A lithographic apparatus is a machine that applies a desired pattern onto a substrate, usually onto a target portion of the substrate. A lithographic apparatus can be used, for example, in the manufacture of integrated circuits (ICs). In that instance, a patterning device, which is alternatively referred to as a mask or a reticle, may be used to generate a circuit pattern to be formed on an individual layer of the IC. This pattern can be transferred onto a target portion (e.g. comprising part of, one, or several dies) on a substrate (e.g. a silicon wafer). Transfer of the pattern is typically via imaging onto a layer of radiation-sensitive material (resist) provided on the substrate. In general, a single substrate will contain a network of adjacent target portions that are successively patterned. Known lithographic apparatus include so-called steppers, in which each target portion is irradiated by exposing an entire pattern onto the target portion at one time, and so-called scanners, in which each target portion is irradiated by scanning the pattern through a radiation beam in a given direction (the “scanning”-direction) while synchronously scanning the substrate parallel or anti-parallel to this direction. It is also possible to transfer the pattern from the patterning device to the substrate by imprinting the pattern onto the substrate.
In order to monitor the lithographic process, one or more parameters of the patterned substrate are typically measured, for example the overlay error between successive layers formed in or on the substrate. There are various techniques for making measurements of the microscopic structures formed in a lithographic process, including the use of a scanning electron microscope and various specialized tools. One form of specialized inspection tool is a scatterometer in which a beam of radiation is directed onto a target on the surface of the substrate and one or more properties of the scattered or reflected beam are measured. By comparing one or more properties of the beam before and after it has been reflected or scattered by the substrate, one or more properties of the substrate may be determined. This may be done, for example, by comparing the reflected beam with data stored in a library of known measurements associated with a known substrate property. Two main types of scatterometer are known. A spectroscopic scatterometer directs a broadband radiation beam onto the substrate and measures the spectrum (intensity as a function of wavelength) of the radiation scattered into a particular narrow angular range. An angularly resolved scatterometer uses a monochromatic radiation beam and measures the intensity of the scattered radiation as a function of angle.
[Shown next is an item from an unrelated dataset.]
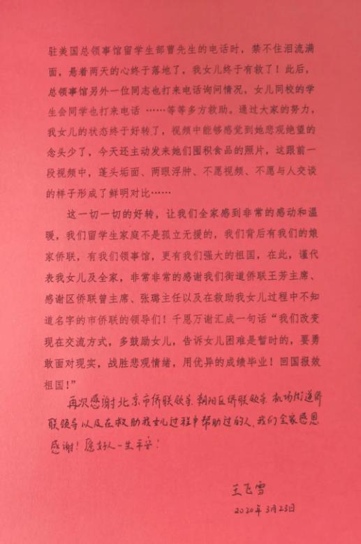 王飞雪激动地对侨联工作人员说,近期洛杉矶地区疫情加重,孩子情绪有些波动,近两天又联系不上孩子,作为母亲感到特别无助,整晚上都没有睡着,没想到这么快就通过总领馆、学校和海外侨领联系上了孩子,真的非常感动,感谢侨联领导的关心和重视,侨联真是我们的娘家人、贴心人啊!

An ellipsometer also measures polarization state.
In order that the radiation that impinges on the substrate is diffracted, an object with a specific profile and pitch is printed on to the substrate and is often known as a scatterometry object or scatterometry profile. The object may be a diffraction grating or the like, which is made up of an array of bars or other periodic structures. The cross-section of the structures, as seen from the surface of the substrate upwards, is known as the profile. Ideally, the object (or a plurality of different objects) that is printed on to the substrate would have a predetermined shape and would be printed perfectly each time it was printed. However, because of the small size (ranging from, for example, 32 to 250 nm) of the object, its size is very sensitive to processing variations of all types. Accordingly, it is desirable to have a system to determine how exactly the object is shaped, i.e., know the profile of the object.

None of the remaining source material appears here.